I have two tables that I need to run query against each. The output of these two queries then need to be intersected and sorted based on the the number of occurrences of names found in both tables.
For example:
Query 1:
select * from userA
group by name
order by count(name) desc
---------------------------
ID | name | count(name)
---------------------------
1 | John | 2
2 | Mike | 1
3 | Laura | 1
---------------------------
Query 2:
select * from userB
group by name
order by count(name) desc
---------------------------
ID | name | count(name)
---------------------------
3 | Laura | 3
1 | John | 1
5 | Peter | 1
---------------------------
Query 3:
select * from userA
group by name
order by count(name) desc
intersect
select * from userB
group by name
order by count(name) desc
---------------------------
ID | name | count(name)
---------------------------
1 | John | 1
3 | Laura | 1
---------------------------
The problem is the intersect will re-run the count function discarding the count run from each query. What I'd like to see is the following output:
---------------------------
ID | name | count(name)
---------------------------
3 | Laura | 4
1 | John | 3
---------------------------
Does anyone know how to accomplish this?
Assuming your dataset is something like this:
userA
id name
---------- ----------
1 John
1 John
2 Mike
3 Laura
userB
id name
---------- ----------
1 John
3 Laura
3 Laura
3 Laura
5 Peter
You can write a query like so to get the desired result
select id, name, count(*)
from (
select id, name, 'A' as source from userA
union all
select id, name, 'B' from userB
) t
group by id, name
having count(distinct source) = 2;
Result
id name count(*)
---------- ---------- ----------
1 John 3
3 Laura 4
Explanation
Combine the dataset since you want to know the count of John and Laura from both tables, combined. Union All
will allow keeping duplicates from both tables. When combining, remember the sources.
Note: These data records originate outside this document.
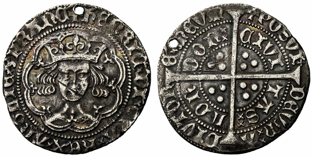 Henry V (1413-1422), Groat, Class Cb, Tower (London), with quatrefoil after hENRIC, crowned 'frowning' bust facing, mullet on right shoulder, rev. CIVITAS LONDON, long cross and trio of pellets in angles, 3.63g [56.02grns], 2h, m.m. pierced cross (North 1387(b); S.1765), drilled at 12 o'clock for suspension, and with an historic scuff on mouth, otherwise richly toned and a fuller flan, with underlying hints of colourful tone, almost very fine
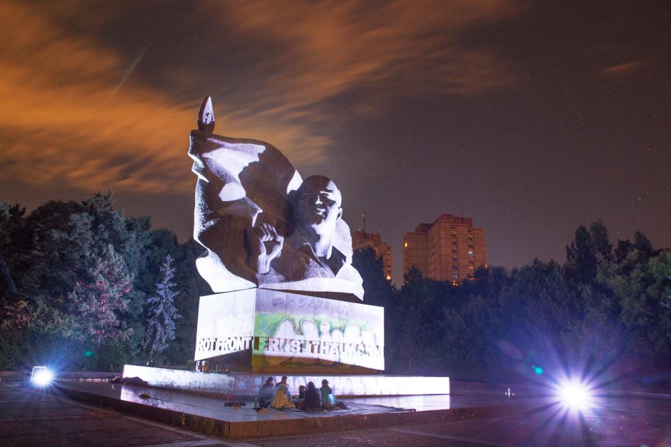 Das Kunstduo A. S. S. Collective lagert mit befreundeten AktivistInnen vor dem ramponierten Denkmal des Kommunistenführers, der dem Park hier seinen Namen gab, und hofft auf einen «Blitz des Erwachens». In seinem Kurzfilm «Dawn of the Red» (2018) steht das Monument beispielhaft für den stiefmütterlichen Umgang der Stadt mit den Überbleibseln ihrer realsozialistischen Vergangenheit: Nach der Wende mussten die Schrifttafeln weg, die Flutlichter blieben aus. Das Denkmal symbolisiert aber auch die politische Kraft, die in solchen Monumenten steckt. Nur, wie lässt sich diese Kraft freisetzen? Wie kann eine tonnenschwere Bronzebüste, die inmitten von Scherben und Kippen mit geballter Faust auf einem beschmierten Sockel thront, von ihrem Kontext und ihrer Geschichte isoliert werden? Mit Taschenlampen? Einer mobilen Flutlichtanlage? Oder reicht die Analyse bei einer Flasche Bier?
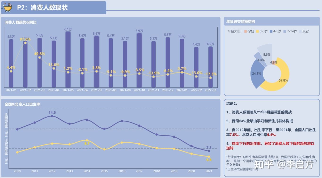 ②part2-人数现状:在了解业绩下滑后,从会员角度出发发现人数持续下降,是制约业绩的主要因素,而公司60%业绩由-1至3岁的人群贡献,结合国家/城市出生率发现人数减少的必然趋势。
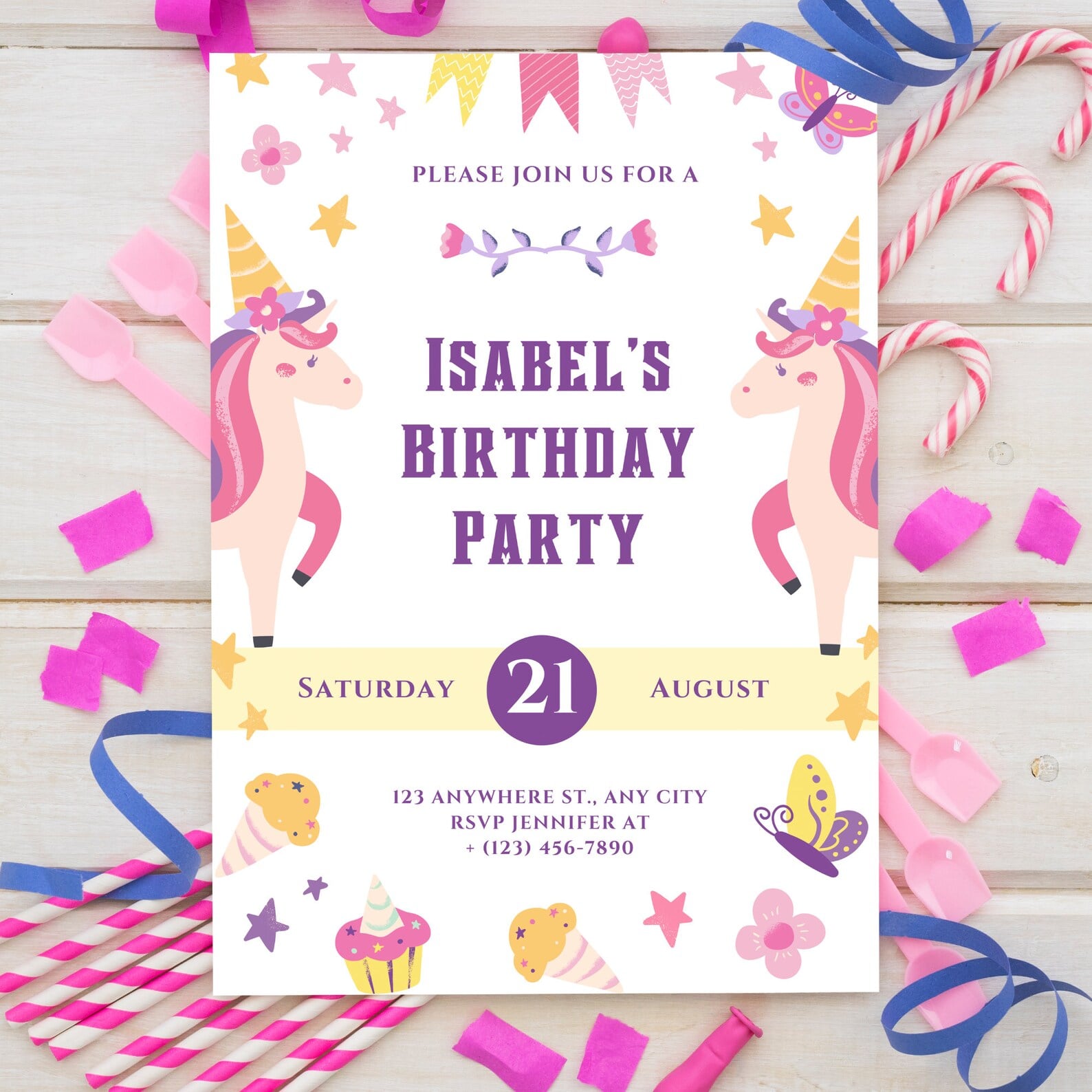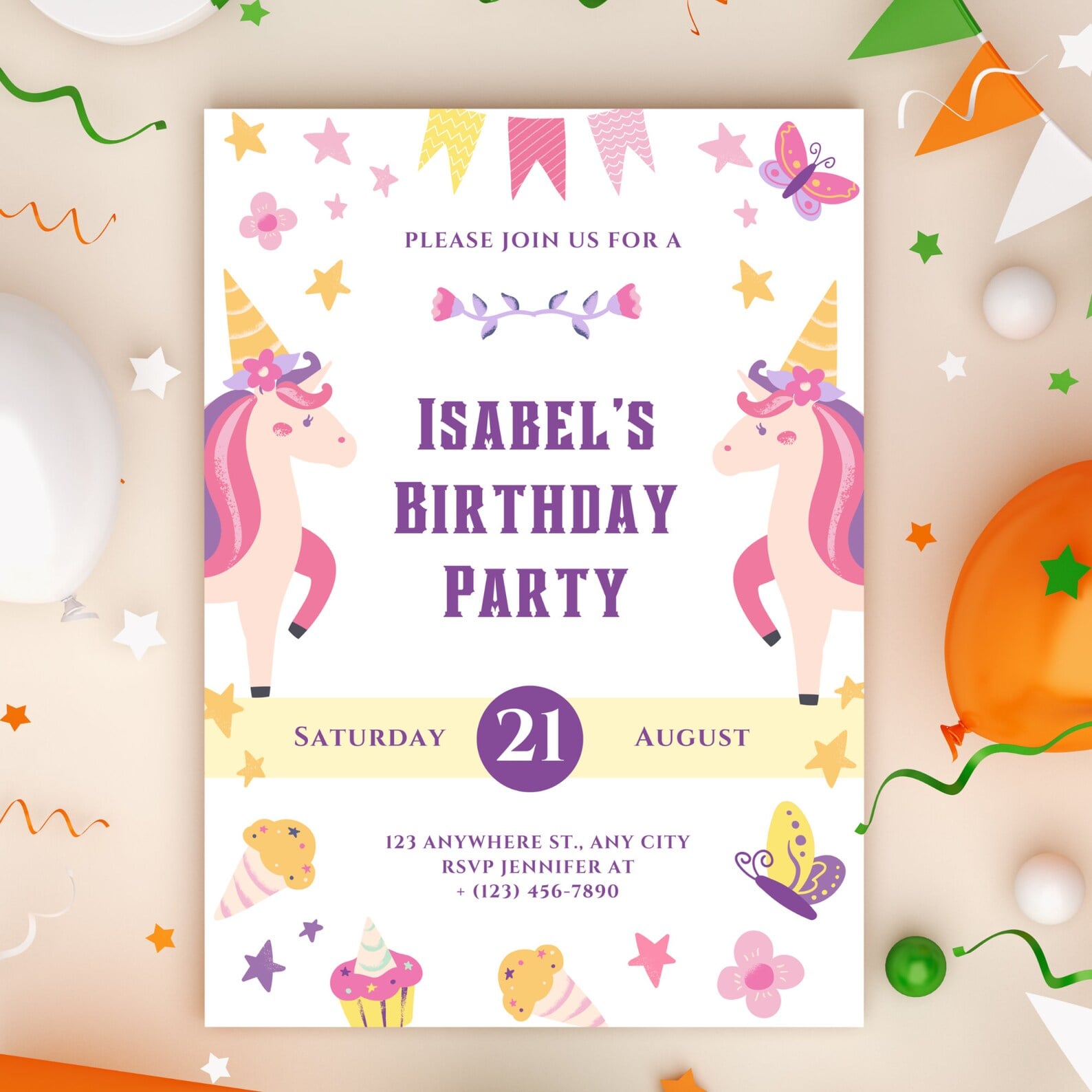 Cutomizable Unicorn Birthday Invitation Template
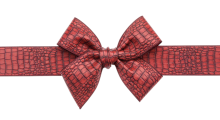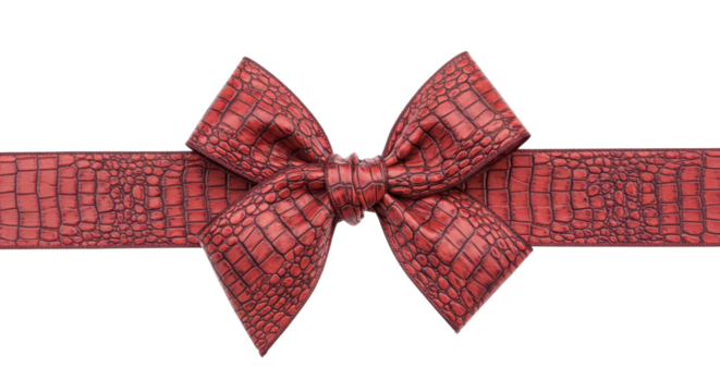 Red crocodile-embossed ribbon bow with a horizontal stripe.
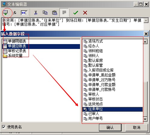 在彈出的表達式編輯器中,再來選擇具體的字段。我們選擇單據明細表中的金額字段,那么統計的就是所有明細項的總金額。如下面幾張圖所示:
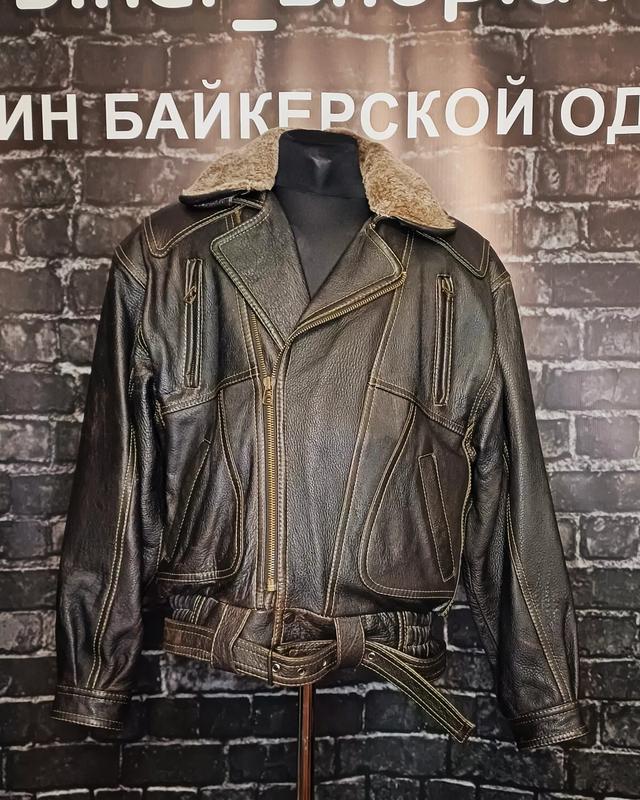 ЭКСКЛЮЗИВНАЯ БОЛЬШАЯ КОЖАНАЯ КУРТКА КОСУХА ❗️НОВАЯ ❗️ УТЕПЛЁННАЯ☆ WHITE HORSE LEDER☆ Эксклюзивная кожаная КОСУХА ❗️НОВАЯ ❗️ WHITE HORSE LEDER made in Italy size L ‼️РАЗМЕР БОЛЬШОЙ лучше ориентироваться на замеры ниже в описании ‼️ Косуха утеплена съёмной МЕХОВОЙ( мех натуральный стриженый кролик) ПОДСТЁЖКОЙ ( присоединяется к куртке молнией) , меховый съёмный воротник ОВЧИНА ( воротник присоединяется к куртке с помощью молнии). Цвет темно коричневый ( шоколад) . Кожа плотная ,мягкая ,ТЯЖЁЛАЯ, вычинка экстра класса ( БУЙВОЛ) . Пошив классический как у всех КОСУХ, косая металлическая массивная молния, рукава зауживаются на кнопки, по низу куртки с каждого бока кожаная резинка( для идеального облегания по талии), регулировка ширины талии кожаный съёмный ремень на металлической пряжке, дополнительно низ куртки фиксируется на 2 вертикальные кнопки. Куртка декорирована бежевыми внешними швами ( придаёт особый стиль и вид ). Подкладка стёганая 100% polyester, утеплена тонким слоем синтепона. В куртке 2 кармана внутренних ( 1 на молнии, 1 прорезной) . Наружных 4 кармана ( 2 кармана нагрудных на молнии, 2 кармана нижних боковых прорезных). Замерная таблица на последнем фото . ЗАМЕРЫ : 1) плечи 55 см 2) полуобьем груди 65 см 3) длина рукава 66 см 4) длина куртки по спине по середине 70см Экслюзивная куртка эффектно и стильно смотрится подойдёт как для езды на мотоцикле так и в повседневной жизни. Дополнительные фото и вопросы в личку. В Запорожье личная встреча на примерку. Отправка НОВОЙ ПОЧТОЙ по предоплате 200 гривен. Смотрите все мои объявления есть много интересных вещей связанных с мото тематикой. Ассортимент постоянно обновляется. Постоянным клиентам скидки 💰

select id, name, 'A' as source from userA
union all
select id, name, 'B' from userB
The query above will combine data from both and give you this result:
id name source
---------- ---------- ----------
1 John A
1 John A
2 Mike A
3 Laura A
1 John B
3 Laura B
3 Laura B
3 Laura B
5 Peter B
Now, let's extract records that come from both tables only. So, we group by id and name and use the having
clause to extract count(distinct source) = 2
. That means, give me records that have 2 sources. Laura and John happen to been in both tables.
When selecting data, we ask for count(*)
to get the number of records for id+name combination.